The webinar includes an overview presentation followed by a question-and-answer period.  For more details, see http://www.nsf.gov/events/event_summ.jsp?cntn_id=134940

DIMACS seeking an Associate Director

The DIMACS Center at Rutgers University (dimacs.rutgers.edu) is seeking an Associate Director. DIMACS facilitates research, education, and outreach in discrete mathematics, computer science theory, algorithms, mathematical and statistical methods, and their applications.  The Associate Director is expected to play a leadership role in planning, developing, and running DIMACS activities and programs, including setting new directions.  A PhD in computer science, mathematics, operations research, statistics, or a related field is preferred. Applicants with a doctorate will be considered for Associate Director with a non-tenure-track calendar-year research faculty appointment at Rutgers. Highly qualified applicants without a doctorate will be considered for a staff appointment as Assistant Director. For more details, visit dimacs.rutgers.edu/AssociateDirector.

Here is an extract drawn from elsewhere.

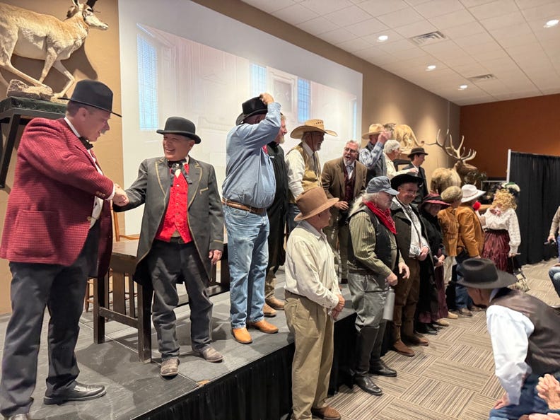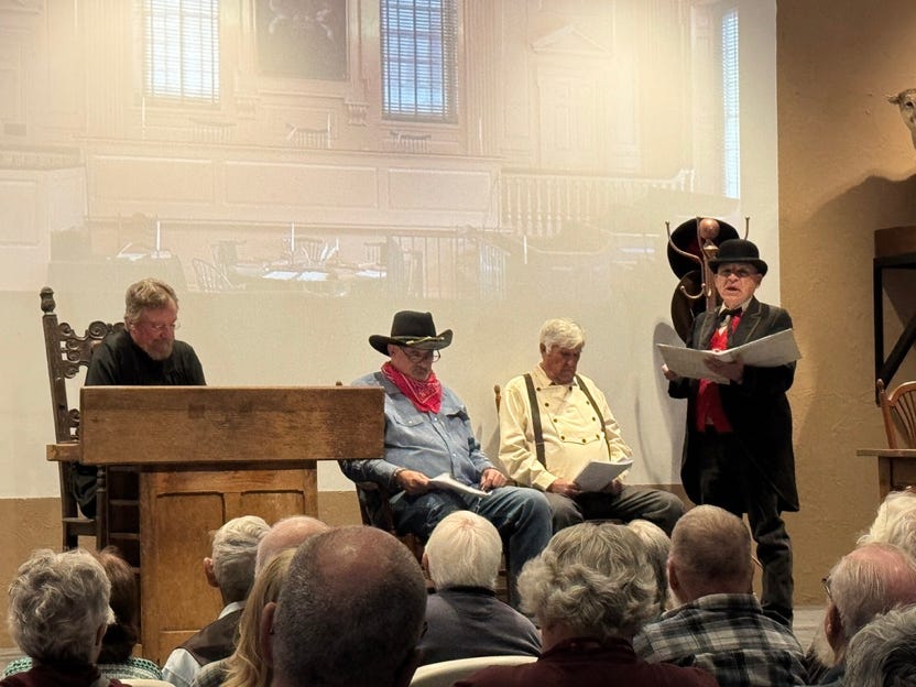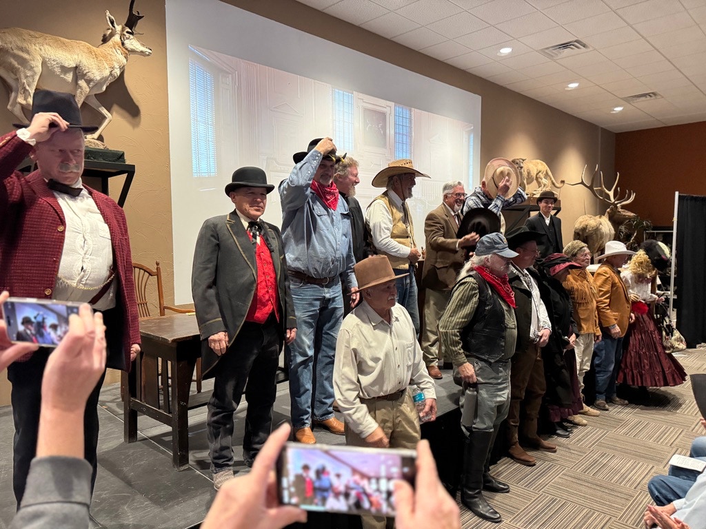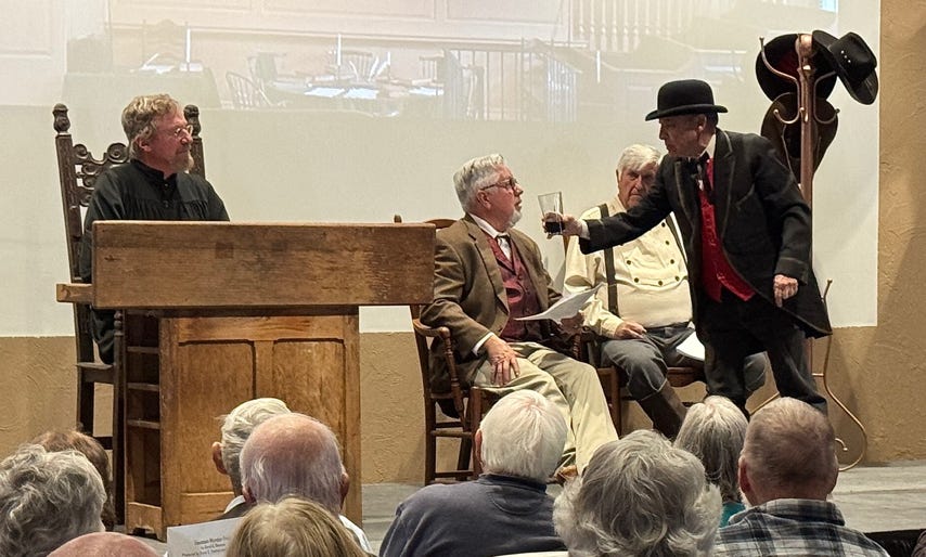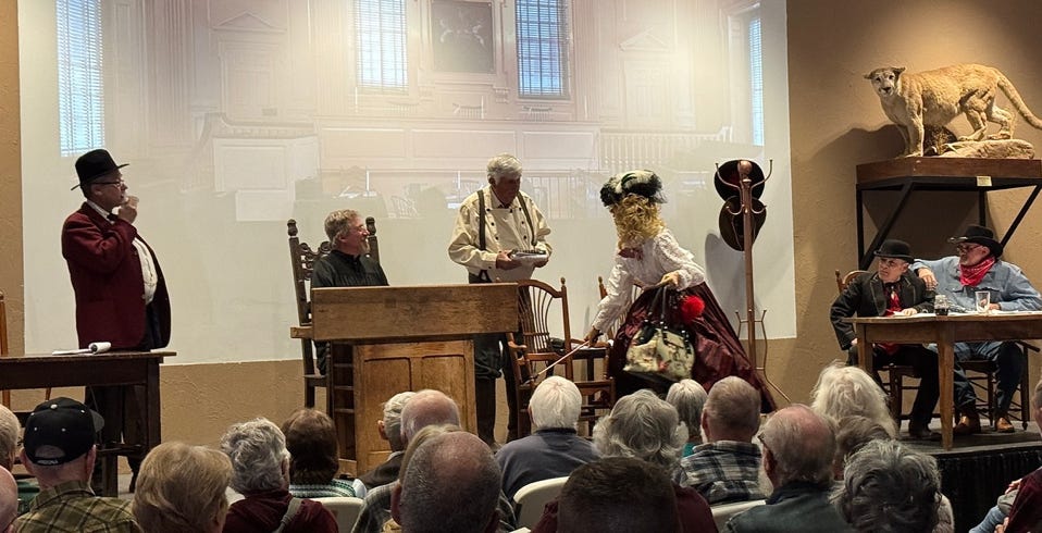 Ninety-three people showed up, for a live play performed at the Geronimo Events Center. It was written and directed by Dave Thomas. Some of the main roles were Judge Frank Parker portrayed by Dan Crow of Las Cruces, Prosecuting Attorney Thomas B. Catron portrayed by Craig McEwan, Defense Attorney Albert B. Fall played by Bill Cavaliere, Eva Taylor played by Karla Steen of Las Cruces, Oliver Lee portrayed by Sal Patricolo of Las Cruces, Albert Fountain Jr. played by Jesse Bradfield, Dr. Francis Crosson played by Ray Mendez, Thomas Brannigan portrayed by Edward La Russa, Antonio Garcia played by Bill Wilbur, Jack Maxwell played by Scott Huber, and Sheriff Pat Garrett portrayed by Bob Ashley.

US-Israel BSF Travel Grants for Young Scientists

A CALL FOR APPLICATIONS IN THE PROF. R. RAHAMIMOFF TRAVEL GRANTS PROGRAM FOR YOUNG SCIENTISTS

BSF is announcing the availability of funds for short scientific trips by young American or Israeli scientists to the other country. In 2015 the program will have two calls and each will support 10 trips. Grants will be $4,000 each.  The program is open to PhD students doing research that requires facilities or expertise that are not available in their home countries.  The deadline for the 1st call for 2015 is May 14, 2015.

Call for 2016 AAAS Symposium Proposals

The American Association for the Advancement of Science (AAAS) has put out a Call for Symposium Proposals for the 2016 AAAS Annual Meeting, February 11-15 in Washington DC, with a proposal deadline of April 24.  

These symposia can be a way to increase awareness and even get popular press coverage of exciting research directions in theoretical computer science. Proposing and organizing a 90 or 180-minute symposium is not much work, but organizers should also work with institutional communications offices to draw attention to the symposium before the meeting (attendance at the symposia has high variance).

They are looking for proposals that either relate to the meeting theme “Global Science Engagement” (involving things such as innovation and international scientific collaboration, food and water security, sustainable development, infectious disease and health, climate change, natural disasters, and energy) or involve “groundbreaking areas of research, new and exciting developments, or cross-cutting activities in support of science, technology, and education.”

If you are thinking of submitting a proposal, we (CATCS) are happy to help and put you in touch with people who can offer advice.

DARPA Proposer’s Day on Privacy this Thursday (registration deadline tomorrow!)

DARPA is planning to start a new program to fund privacy research.  They are holding a “proposer’s day” this Thursday to share information about the program.  If you wish to attend, the registration deadline is tomorrow (Monday 3/9) 8am!